## [What is required]
When the line with "- Visitor Analytics: This" turns up below, begin repeating exactly, and carry on through the line with "在378人中,京内就业者26"; no pictures go into the copy.

## [Information provided]

◆ ◆ ◆ ◆ ◆

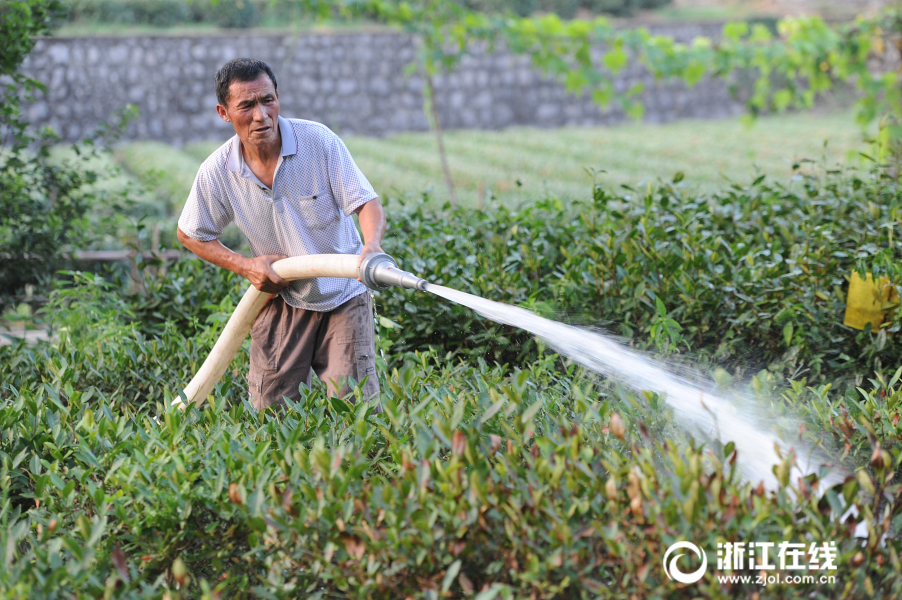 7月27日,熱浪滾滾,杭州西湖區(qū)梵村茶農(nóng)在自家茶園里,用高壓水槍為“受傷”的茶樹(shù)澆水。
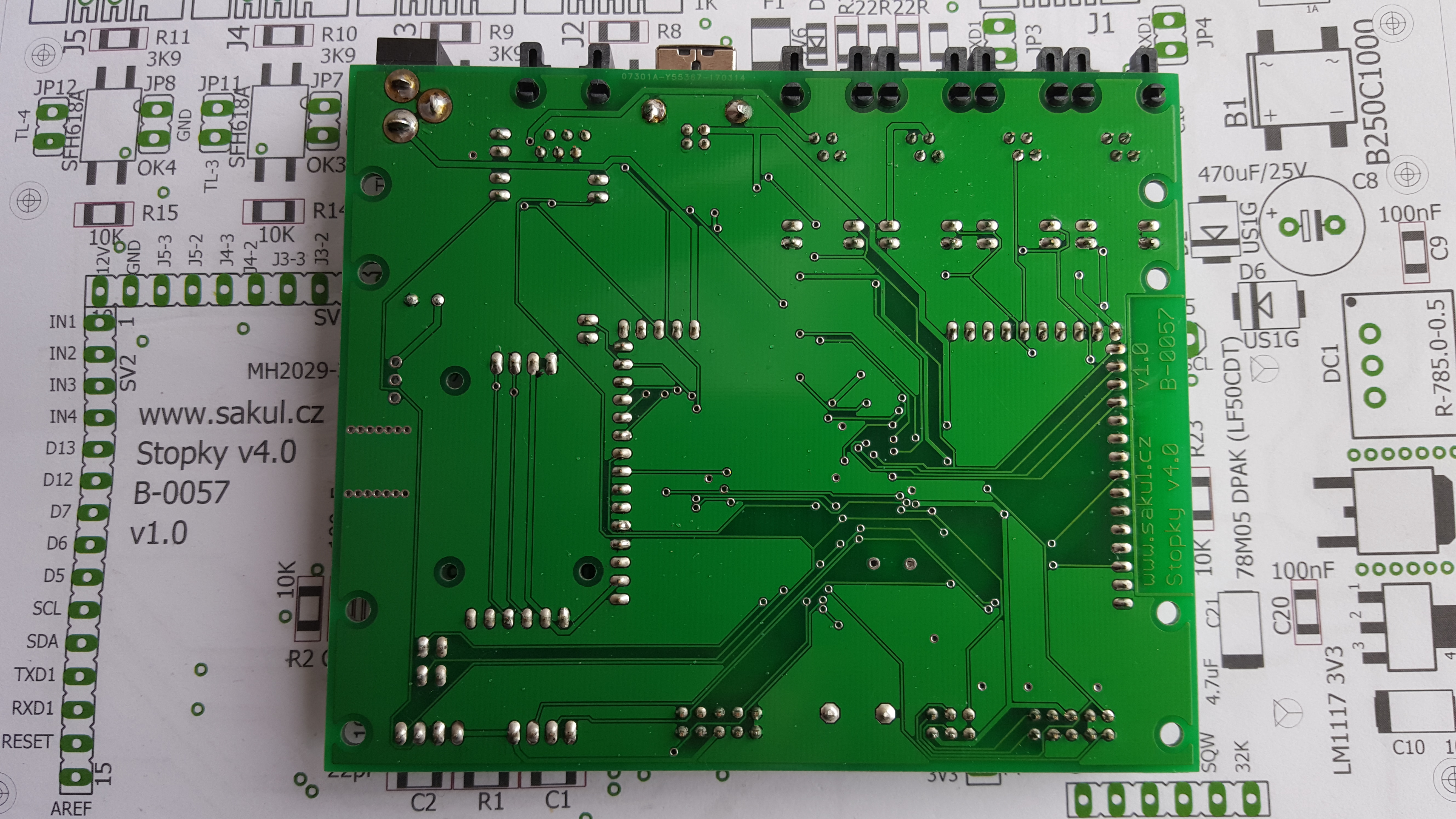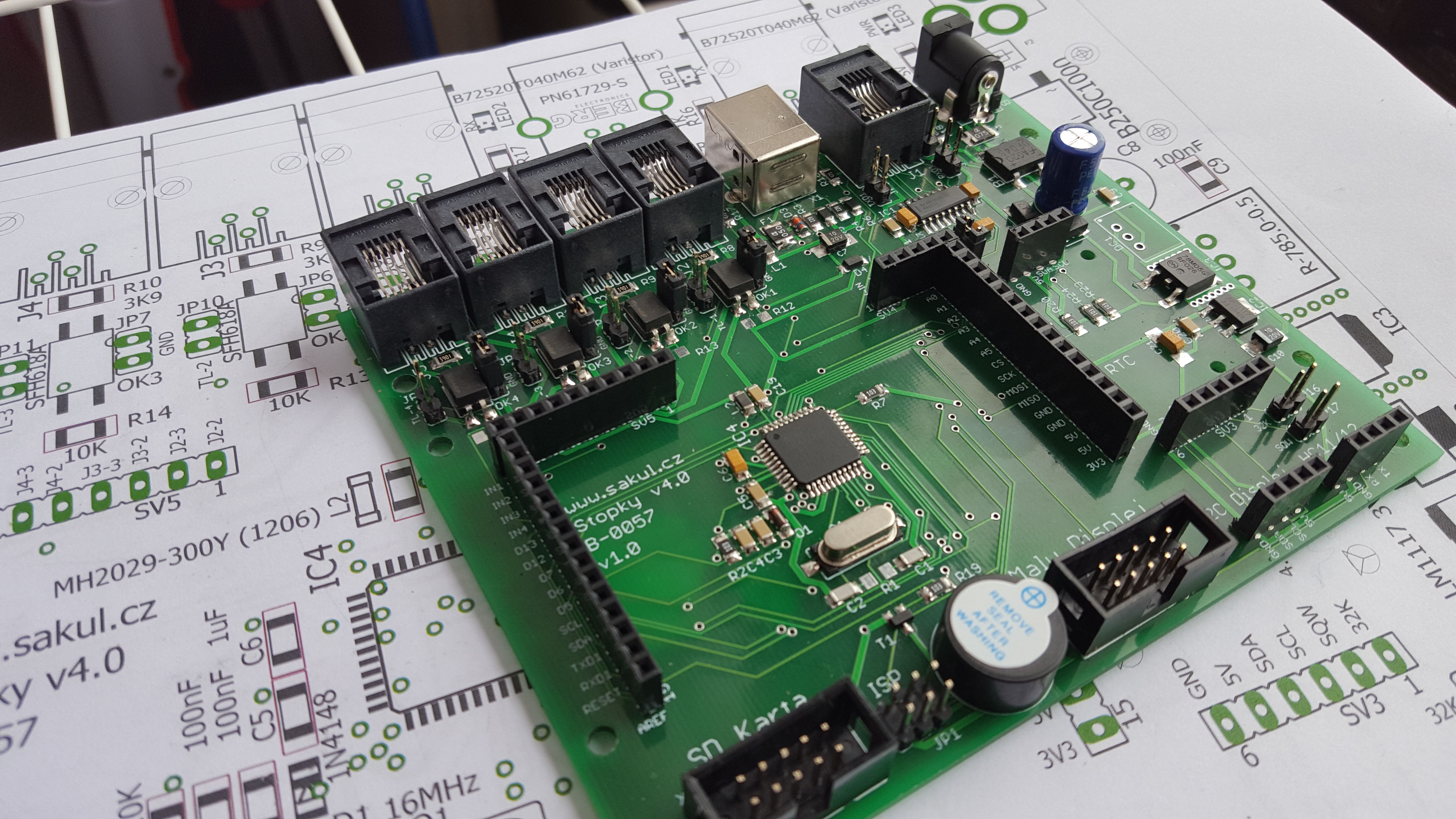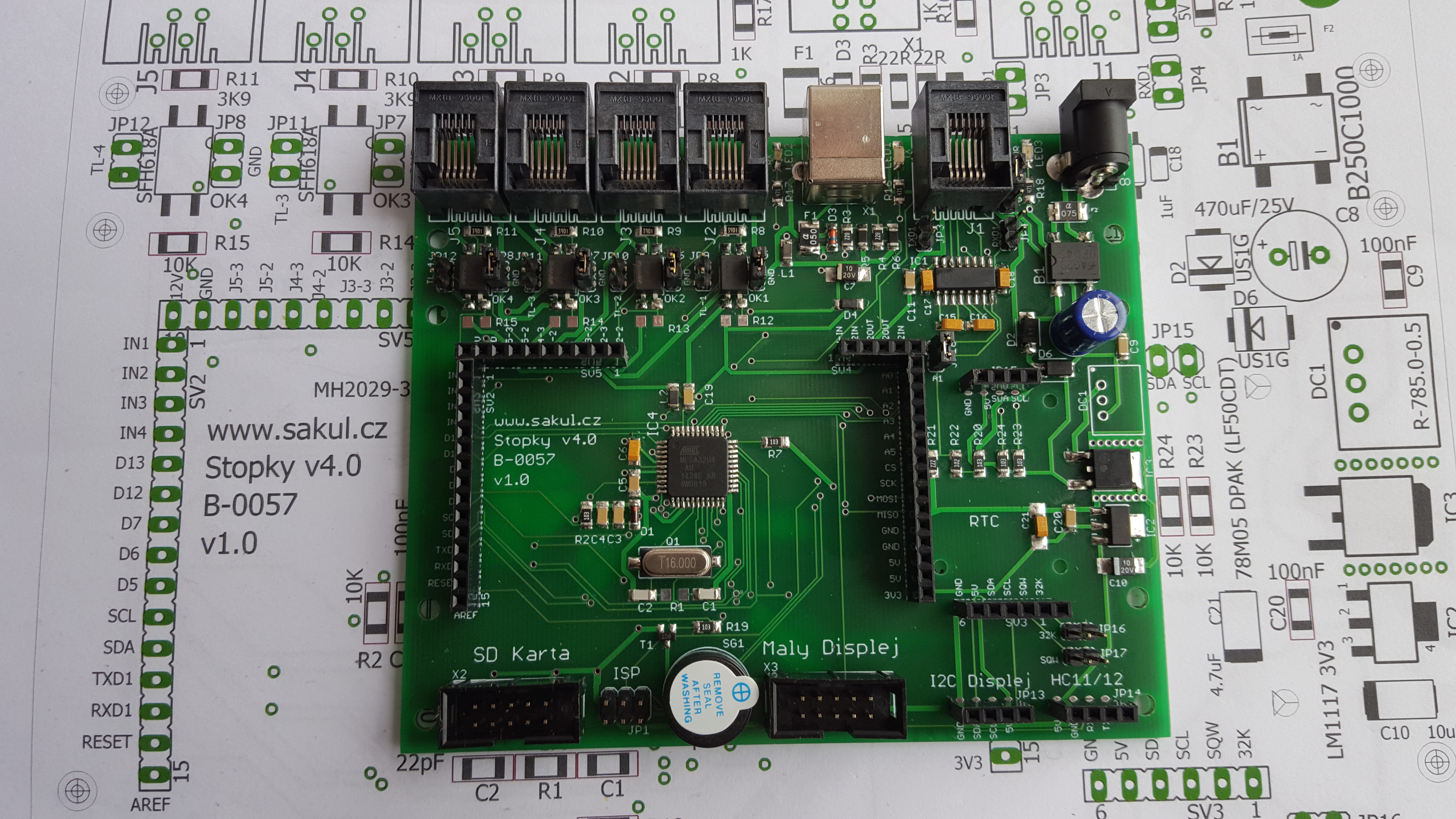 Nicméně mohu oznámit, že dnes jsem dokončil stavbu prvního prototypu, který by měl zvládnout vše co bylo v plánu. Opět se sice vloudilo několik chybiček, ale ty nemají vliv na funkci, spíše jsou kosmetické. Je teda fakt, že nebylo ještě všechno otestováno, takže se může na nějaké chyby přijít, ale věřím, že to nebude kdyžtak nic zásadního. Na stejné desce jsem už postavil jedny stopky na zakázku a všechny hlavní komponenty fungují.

◆ ◆ ◆ ◆ ◆

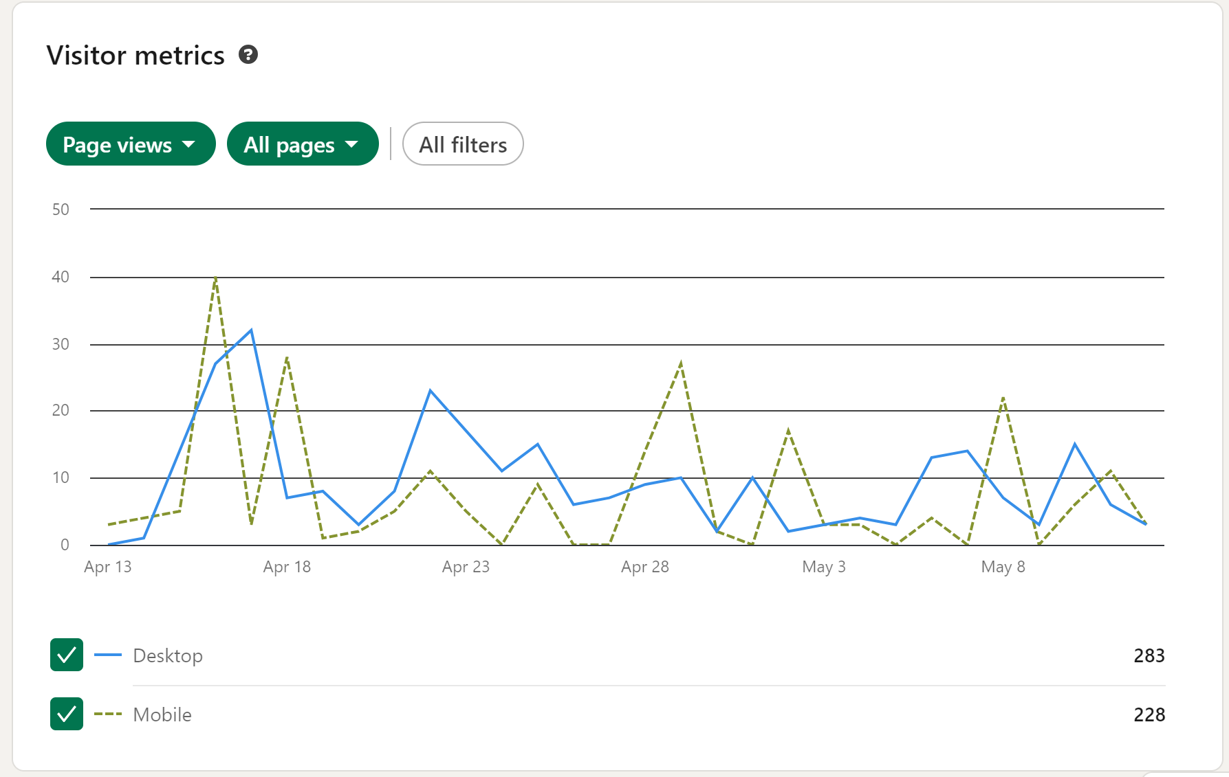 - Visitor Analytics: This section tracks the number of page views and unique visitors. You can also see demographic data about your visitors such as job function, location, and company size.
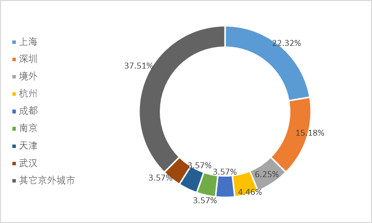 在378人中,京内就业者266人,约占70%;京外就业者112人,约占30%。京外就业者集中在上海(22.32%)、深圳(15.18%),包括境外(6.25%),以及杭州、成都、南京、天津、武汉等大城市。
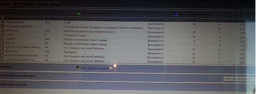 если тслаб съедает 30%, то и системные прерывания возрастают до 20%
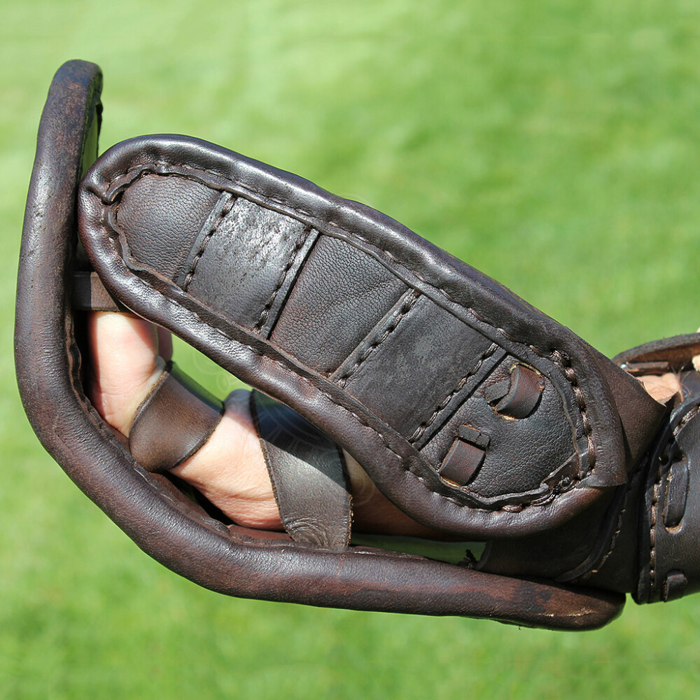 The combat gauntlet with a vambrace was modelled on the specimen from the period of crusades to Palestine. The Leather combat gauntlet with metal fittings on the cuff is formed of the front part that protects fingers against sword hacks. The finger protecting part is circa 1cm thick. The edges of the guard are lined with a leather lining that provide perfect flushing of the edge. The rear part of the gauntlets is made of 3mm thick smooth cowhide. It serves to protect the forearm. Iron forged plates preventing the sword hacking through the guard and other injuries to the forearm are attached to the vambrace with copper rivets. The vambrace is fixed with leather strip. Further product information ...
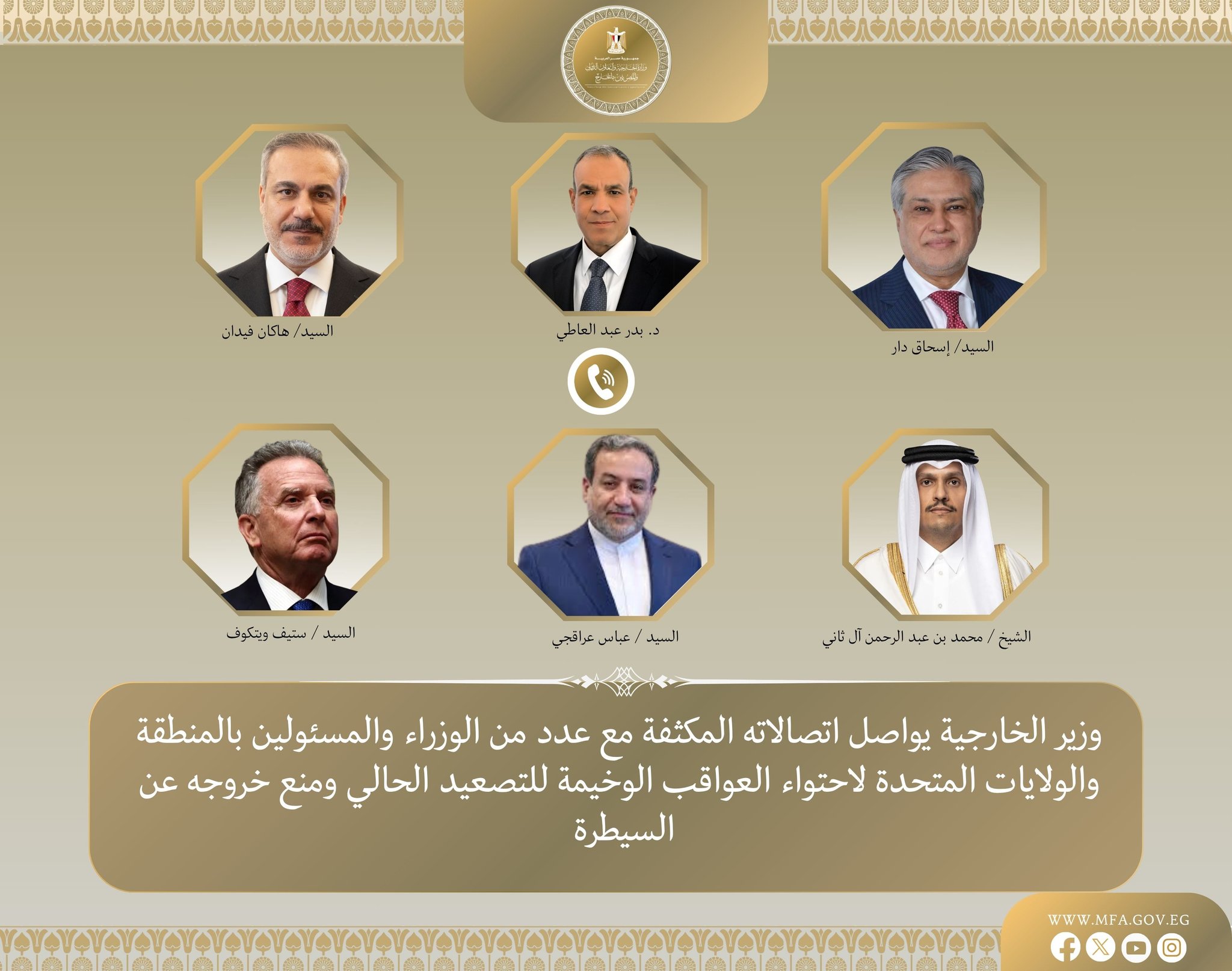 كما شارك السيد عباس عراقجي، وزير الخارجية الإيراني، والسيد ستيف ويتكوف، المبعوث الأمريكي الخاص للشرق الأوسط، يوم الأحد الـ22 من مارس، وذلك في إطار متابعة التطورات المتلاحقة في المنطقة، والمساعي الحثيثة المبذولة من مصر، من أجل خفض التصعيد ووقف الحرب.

◆ ◆ ◆ ◆ ◆

## [Result of the task]
 - Visitor Analytics: This section tracks the number of page views and unique visitors. You can also see demographic data about your visitors such as job function, location, and company size.
 在378人中,京内就业者266人,约占70%;京外就业者112人,约占30%。京外就业者集中在上海(22.32%)、深圳(15.18%),包括境外(6.25%),以及杭州、成都、南京、天津、武汉等大城市。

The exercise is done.